<<<<
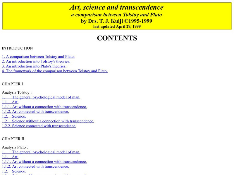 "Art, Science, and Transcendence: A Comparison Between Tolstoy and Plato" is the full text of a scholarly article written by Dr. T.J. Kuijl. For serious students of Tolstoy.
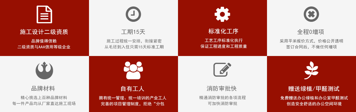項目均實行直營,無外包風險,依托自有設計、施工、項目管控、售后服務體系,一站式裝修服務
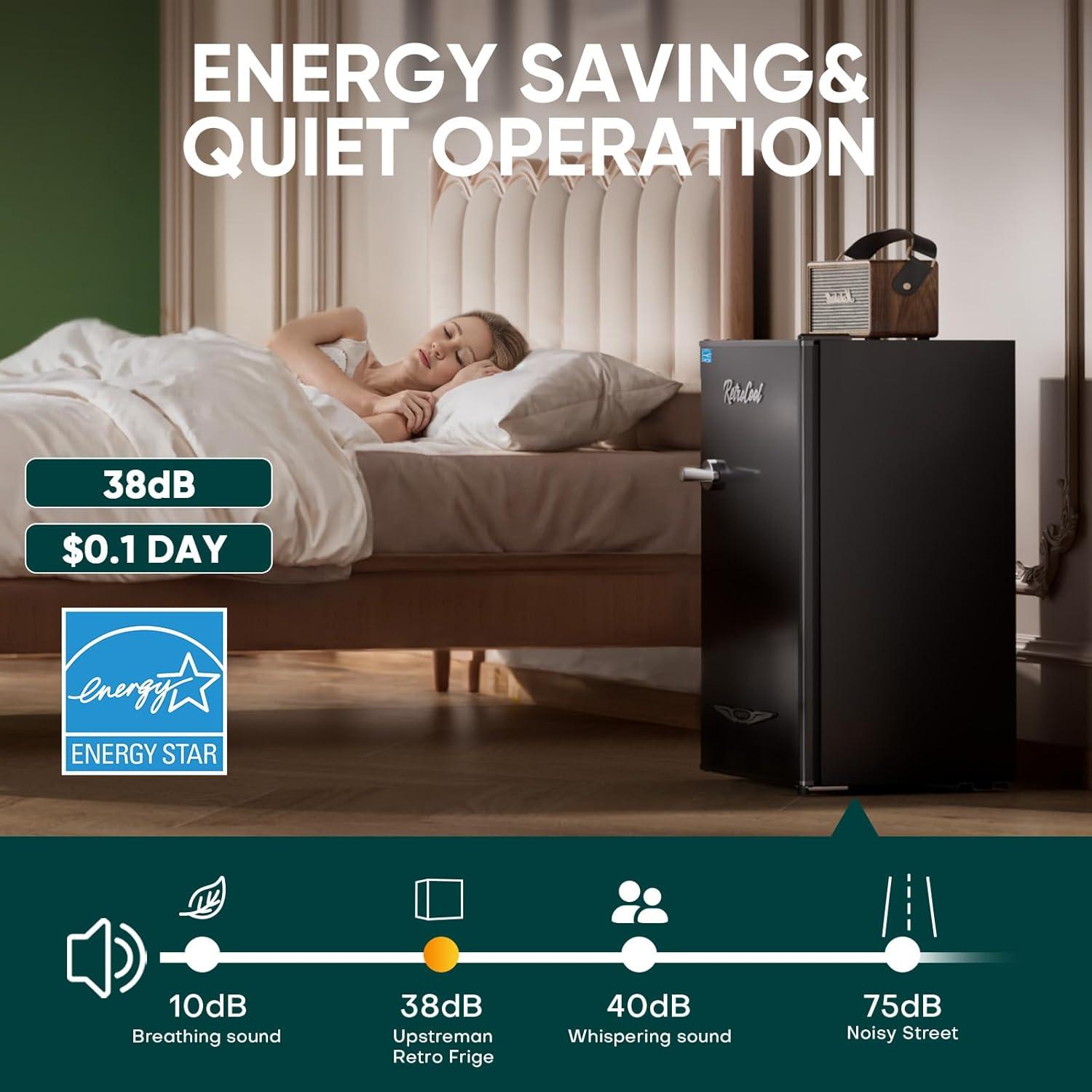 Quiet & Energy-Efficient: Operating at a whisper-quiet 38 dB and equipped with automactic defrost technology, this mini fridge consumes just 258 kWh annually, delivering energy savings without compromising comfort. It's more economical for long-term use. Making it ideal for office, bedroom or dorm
>>>>
<<<<
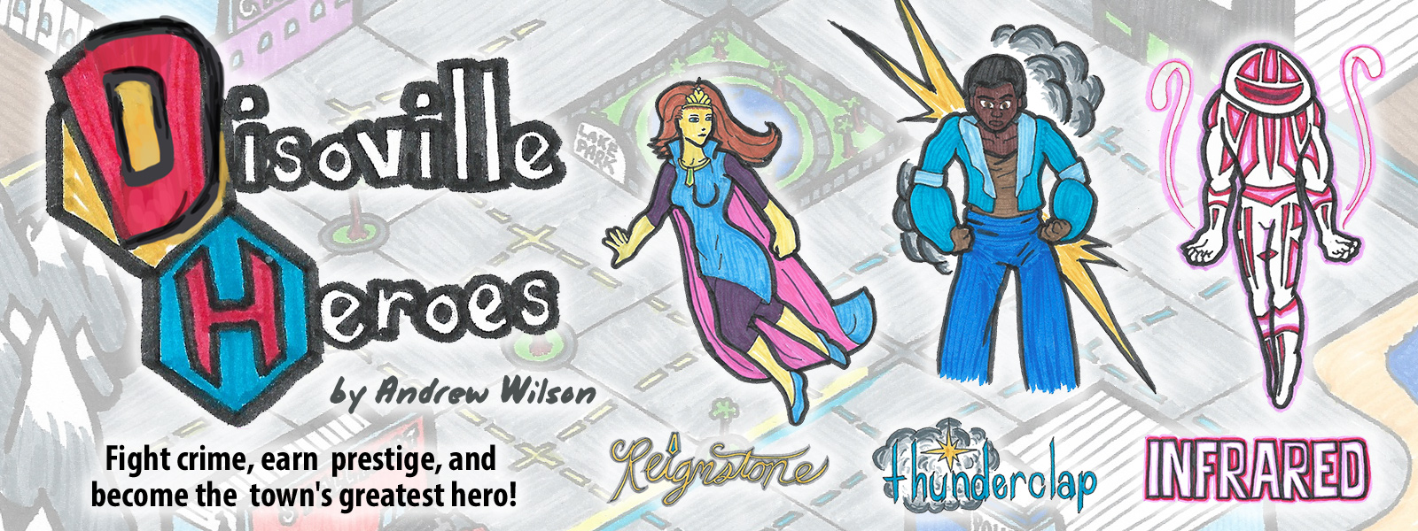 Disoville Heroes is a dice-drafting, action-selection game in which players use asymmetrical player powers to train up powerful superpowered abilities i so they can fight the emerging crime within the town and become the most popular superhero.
>>>>
Look above for the line with "students of Tolstoy." and the line with "Quiet & Energy-Efficient: Operating"; set down those two lines and all lines between them exactly, without pictures and without anything else.

 "Art, Science, and Transcendence: A Comparison Between Tolstoy and Plato" is the full text of a scholarly article written by Dr. T.J. Kuijl. For serious students of Tolstoy.
項目均實行直營,無外包風險,依托自有設計、施工、項目管控、售后服務體系,一站式裝修服務
 Quiet & Energy-Efficient: Operating at a whisper-quiet 38 dB and equipped with automactic defrost technology, this mini fridge consumes just 258 kWh annually, delivering energy savings without compromising comfort. It's more economical for long-term use. Making it ideal for office, bedroom or dorm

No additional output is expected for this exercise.